Lire et relire : Jack LONDON



 Jack London est un auteur qu’on a souvent lu dans l’enfance et l’adolescence et qu’on a tendance à oublier ensuite. Le Fils du loup, Croc-Blanc sont des livres qui plaisent à la jeunesse, mais il serait dommage de ne pas explorer davantage à l’âge adulte l’œuvre abondante de London. D’autre part, relire les ouvrages qu’on connaît permet de découvrir des choses qui avaient pu échapper au jeune lecteur.

Jack London : sa vie

   Une fois encore, voici un écrivain dont la biographie permet de mieux comprendre l’œuvre. Il n’est pas question de retracer ici la vie détaillée de Jack London : on peut la retrouver dans la plupart des livres qu’il a écrits ou sur Internet. Limitons-nous aux faits essentiels. 

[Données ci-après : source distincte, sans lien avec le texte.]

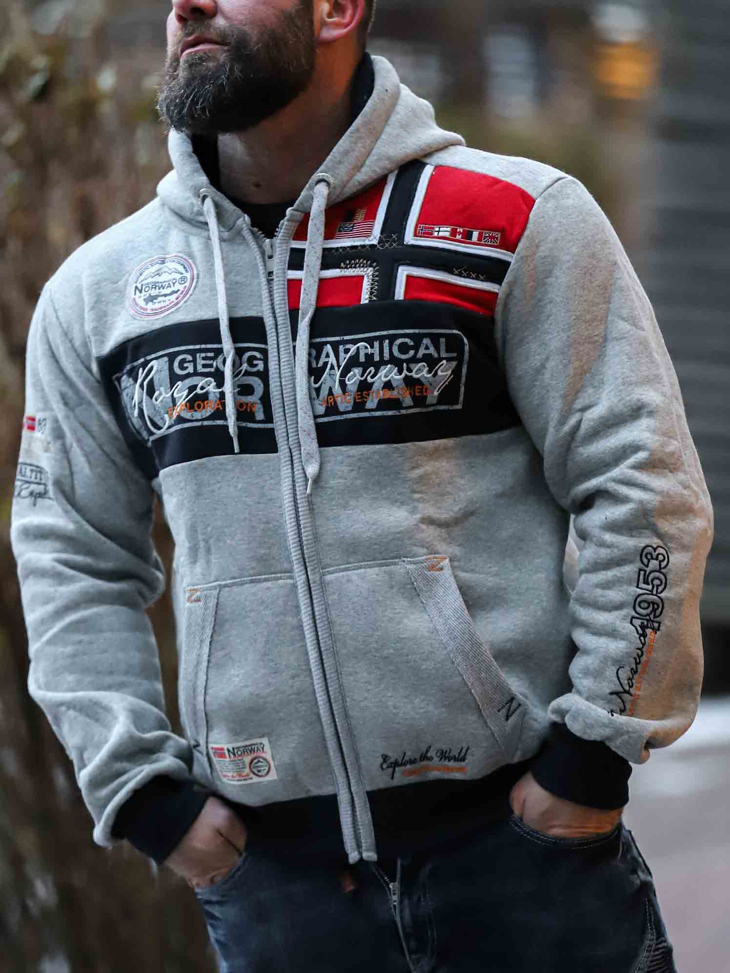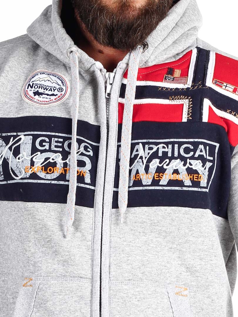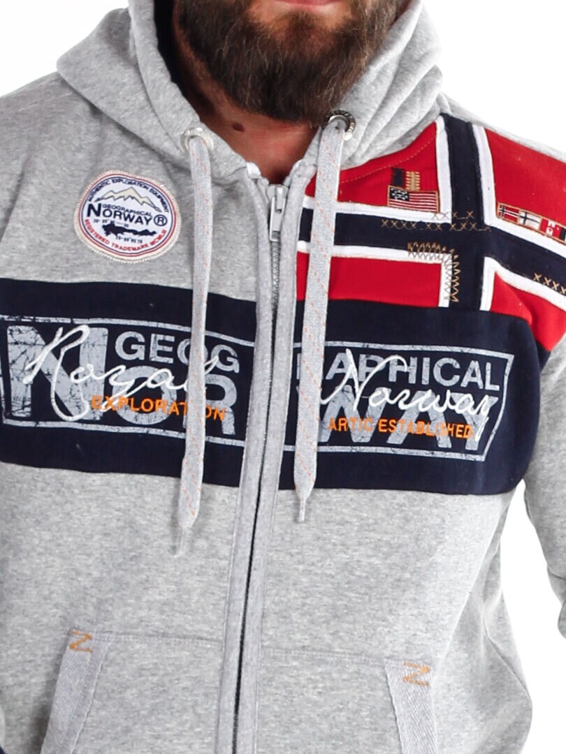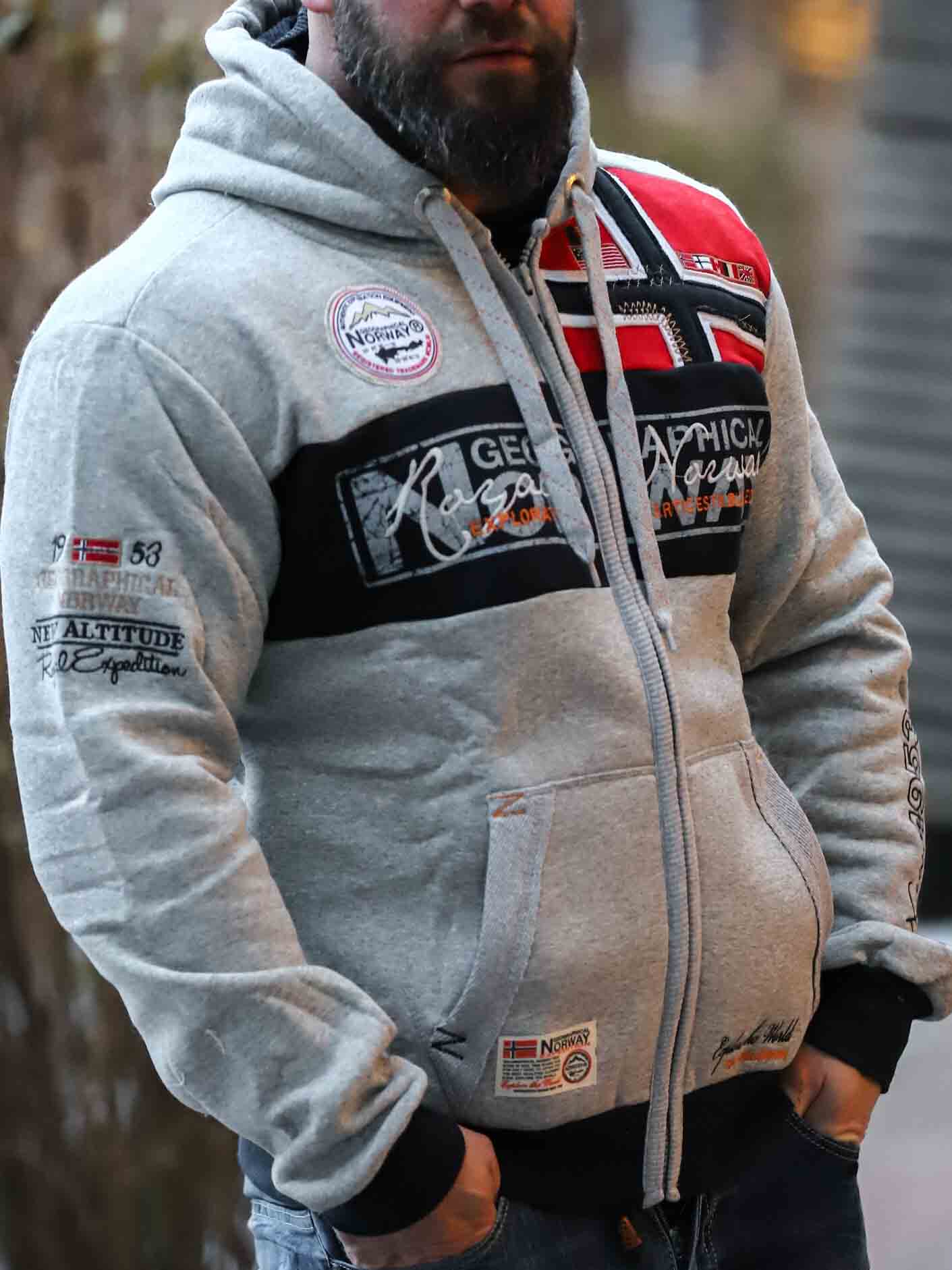Tröja med rymlig huva, dragkedja som går hela vägen ner och stora fickor på magen. Märkets logga och mönster syns både fram och bak och den har blå mudd nertill, samt vid ärmsluten.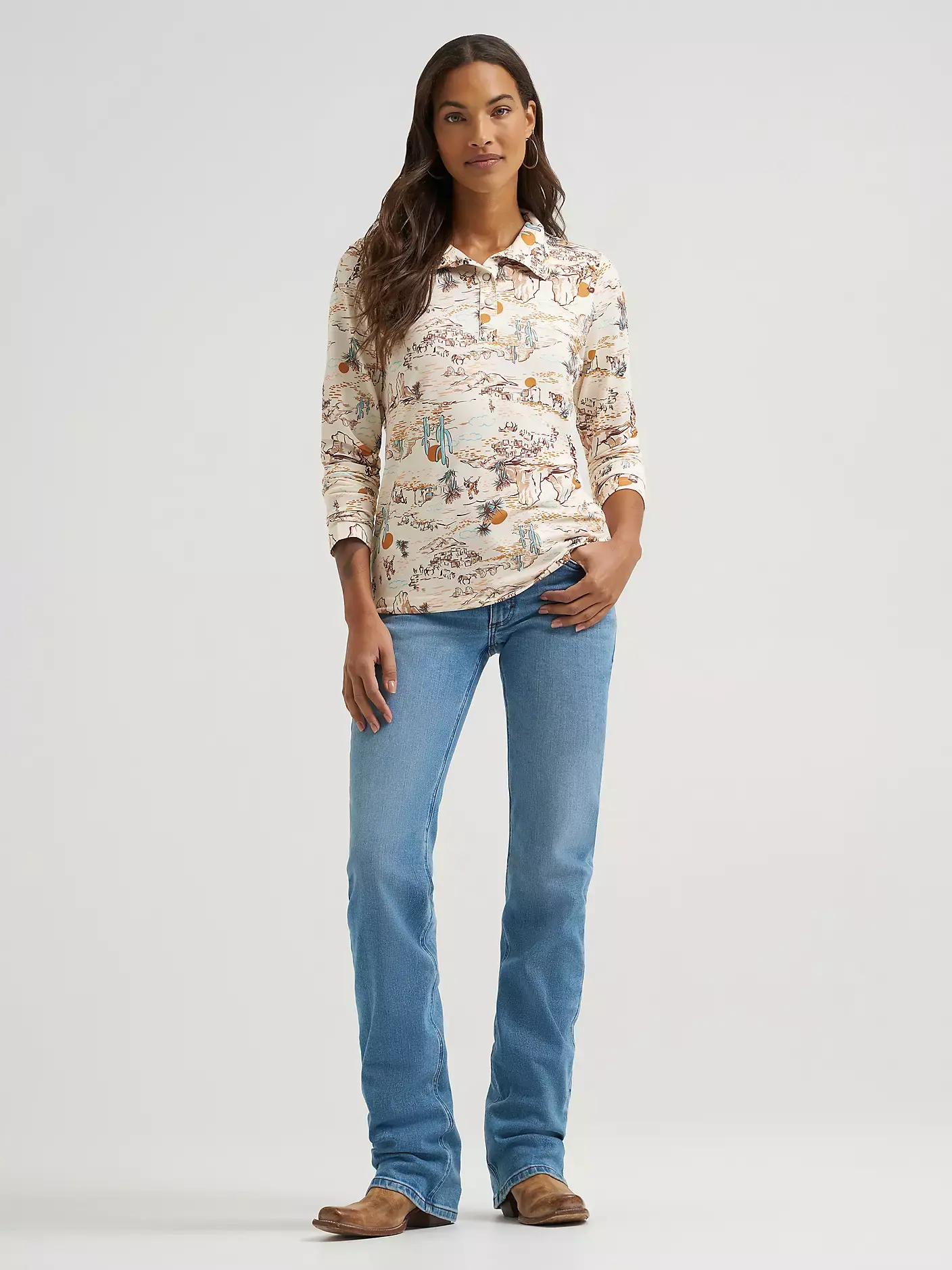 It’s the details that make a difference, including a bold print bringing vintage flair to any outfit. The mock-neck design and partial snap placket let you adjust your look for style and warmth whenever you need. Perfect for layering, this pullover blends practicality with cowgirl personality—so you can stay cozy without sacrificing your signature look.

   Il est né à San Francisco en 1876 et a eu une enfance misérable. Son père, un astrologue, a rapidement abandonné Flora, sa mère. Celle-ci épouse quelques mois plus tard John London qui considère Jack comme son fils.
À huit ans, Jack travaille dans un ranch puis il fait plusieurs métiers : maçon, menuisier, épicier, agriculteur, cheminot. À quinze ans, le voilà pêcheur d’huîtres en contrebande, puis matelot et membre d’une patrouille de pêche chargé d’arrêter les délinquants…
Pendant cette période, Jack London a beaucoup lu, notamment Marx et Spencer. Il paie ses études en nettoyant son école et en remplaçant le concierge.
Il a dix-neuf ans quand il écrit son premier livre politique : Optimisme, Pessimisme et Patriotisme.
   À partir de 1900, les livres vont se succéder à un rythme régulier: Le Fils du Loup, L’appel de de la forêt, Avant Adam, et beaucoup d’autres.
Parallèlement à l’écriture, il s’engage dans le Parti Socialiste qu’il quitte en 1916 parce qu’il le trouve trop réformiste !
Le 22 novembre 1916, sa femme le trouve inanimé ; on essaie en vain de le ranimer. La veille, il avait pris une forte dose de somnifères.


Un livre : L’amour de la vie

  Parmi ses nombreux ouvrages, je propose de lire ou relire L’amour de la vie, considéré comme l’un de ses meilleurs livres. Celui-ci comprend huit nouvelles qui entraînent le lecteur dans les contrées rudes du Grand Nord où les hommes luttent contre le froid et l’adversité pour gagner leur vie.
Dans l’une de ces histoires, Loup brun, Jack London démontre sa bonne connaissance du comportement animal.
Un couple – Walt et Madge - vivant dans un petit cottage de montagne (lui est un poète « marchand de beauté ») a recueilli un chien qui ressemble à un loup ; son nom est vite trouvé : ce sera Wolf. Ce chien n’est pas sociable et ne se laisse pas approcher. Il s’échappe à plusieurs reprises et parcourt des distances énormes, en allant toujours vers le Nord,
  Un jour, un homme venant du Klondike, Miller, se présente au cottage. Le chien vient se frotter contre les jambes de l’homme. Quand celui-ci prononce le nom Brown, le chien réagit et il obéit à ses demandes. Il n’y a aucun doute : Miller était son ancien maître.
Une discussion âpre s’engage pour savoir qui gardera le chien. Miller propose que la décision soit prise par le chien.
Jack London montre dans cette nouvelle que sa qualité littéraire n’est pas seulement dans le style. Il sait entretenir le suspens : il faut atteindre la dernière phrase pour savoir ce que fera le chien.